This year, as one last unit study "hurrah" with all the kids before Rebecca leaves our homeschool for college, we are doing a study based on "A Christmas Carol." I bought this annotated version which has a wealth of extra info:
For our advent devotions, we are also reading "The Life of Our Lord" which is an abridged version of the gospel that Dickens wrote for his own children (he had ten of them) and read every year during advent.
We also read two stories that inspired "A Christmas Carol" - Washington Irving's "Rip Van Winkle" and Dicken's own "The Story of The Goblin Who Stole a Sexton" (from "The Pickwick Papers"). We are reading abridged versions (or watching movies if available )of Dicken's other novels (just to know the plots) and are watching both a short bio and a long (10 episode) bio of Dickens that we found on Netflix. We are also studying a huge amount of new vocabulary words and "Humbug Grammar."
Our literature studies are going well. Our science studies are going poorly so far. I read on the internet that you could make a great pH indicator from poinsettia leaves. I planned to buy a poinsettia to do double duty as a decoration and a science experiment. However, the boys didn't see the plant in the car when they unloaded the groceries, and it ended up spending the night in the backseat.
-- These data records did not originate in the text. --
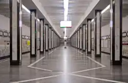 Sie wurde unter der Leitung der Architekten L. Kochubey und L. Avramenko gebaut. Der Boden des Bahnhofs ist mit grauen Granitplatten bedeckt. In der Mitte sind zwei weiße Marmorstreifen ausgelegt. Die Säulen, die die Bögen des Bauwerks tragen, ähneln Minaretten. Die Säulen sowie der Boden sind mit Granit- und Marmorplatten ausgekleidet. Die Decke der Station besteht aus Betonbalken, die mit weißer Emaille bedeckt sind.[2][3]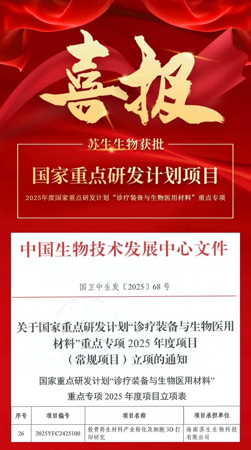 近日,科技部公布了2025年度国家重点研发计划“诊疗装备与生物医用材料”重点专项立项名单。由海南苏生生物科技有限公司(以下简称:苏生生物)承担的“软骨再生材料产业转化及细胞3D打印研究”项目(项目编号:2025YFC2425100)成功获批。曾胜研究员任项目负责人。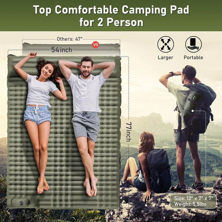Aship Sleeping Pad for Camping 2 person, 4.7 Extra-Thick Camping Pad with Pillow Built-in Foot Pump Inflatable Sleeping Pad for Backpacking, Hiking, Traveling, Tent Green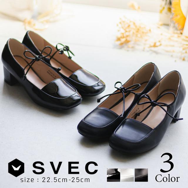 SVEC リボンパンプス ストラップ リボン パンプス 紐 美脚 スタイルアップ 軽量 通勤 結婚式 入学式 エナメル ブラック シルバー 黒 フェミニン ガーリー 靴 シューズ レディース 女性 ストラップパンプス シュベック ブランド

Well, one thing the kids learned is that the poinsettia is a tropical plant and as such cannot survive temperatures below freezing. We chopped up the leaves and steeped them:
The mixture smelled pretty bad.
We used different acids and bases to test our indicator (I know, usually you use indicators to test acids and bases, not the other way around). Anyway, the poinsettia indicator was an "epic fail" as my boys like to say. The only thing we had fun with was mixing our acids and bases to make it foamy, and we could have done that with food coloring.